After crossing the blood-brain barrier, diamorphin must undergo metabolic change before it can act at the opioid receptors. The ester links are broken by enzymes called ==esterases==. That is why diamorphine is described as ==pro-drug==, meaning that its metabolic products (mostly morphine) actually bring about its effect.

What is 6-acetylmorphine?

It is a derivative of morphine that contains the ester link at only one of the positions. It is even more potent than heroin as it does not need to undergo hydrolysis before interacting with the brain cells.

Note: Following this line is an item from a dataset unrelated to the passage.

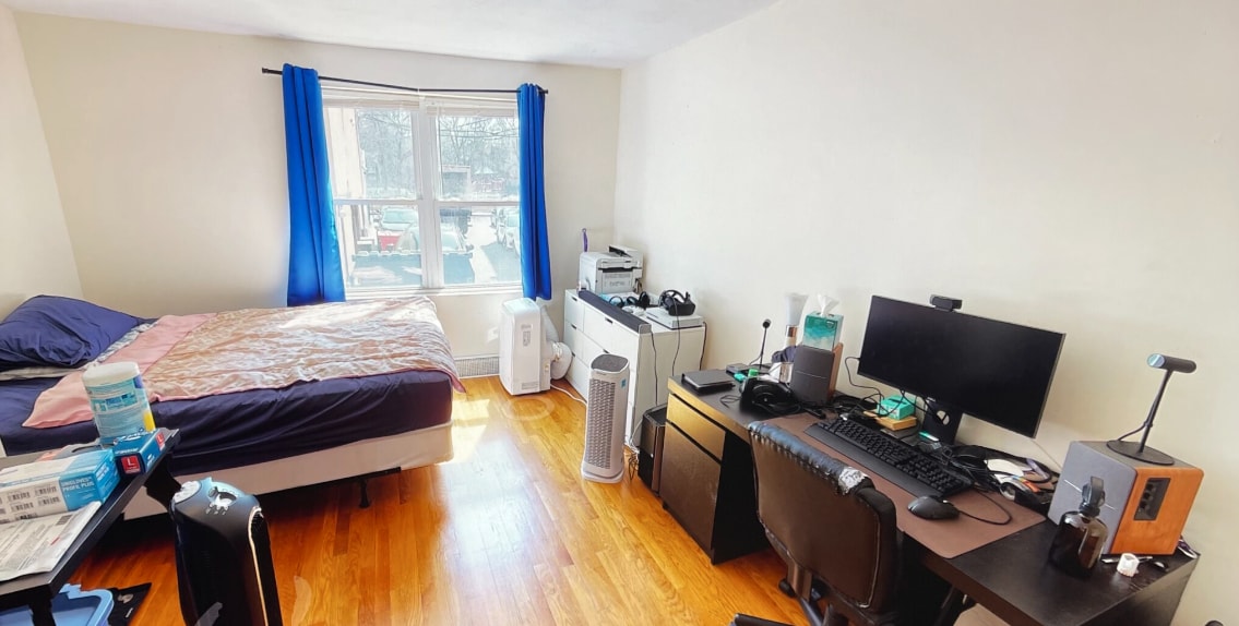 This unit ***INCLUDES ALL UTILITIES*** ( including central A/C) has hardwood floors and is a spacious 1 room studio ( about 12'x16') w/ large closet and brand new kitchenette ( new fridge , stove and cabinets ) and newly renovated bathroom. unit is located on raised first floor.

It is produced as a metabolite from heroin in the body, but due to its high activity it is an extremely dangerous drug when taken in pure form.

Describe analgesic ladder.

1. Use mild analgesic (like aspirin)
2. Use a weak opioid (like codeine)
3. Use a strong opioid (like morphine)

What are some side effects of strong analgesics?

* constipation
* supression of the cough reflex
* constriction of the pupil in the eye
* narcotic effects:
* in the short term: well-being, contentment, dulling of pain, lessening of fear and tension, euphoria
* addiction
* withdrawal effects: cold sweat, anxiety

What is methadone?

It is an alternate analgesic to heroin used to help the addicts break their dependence. It is taken orally and has a longer duration of action, reducing drug craving and preventing the symptoms of withdrawal.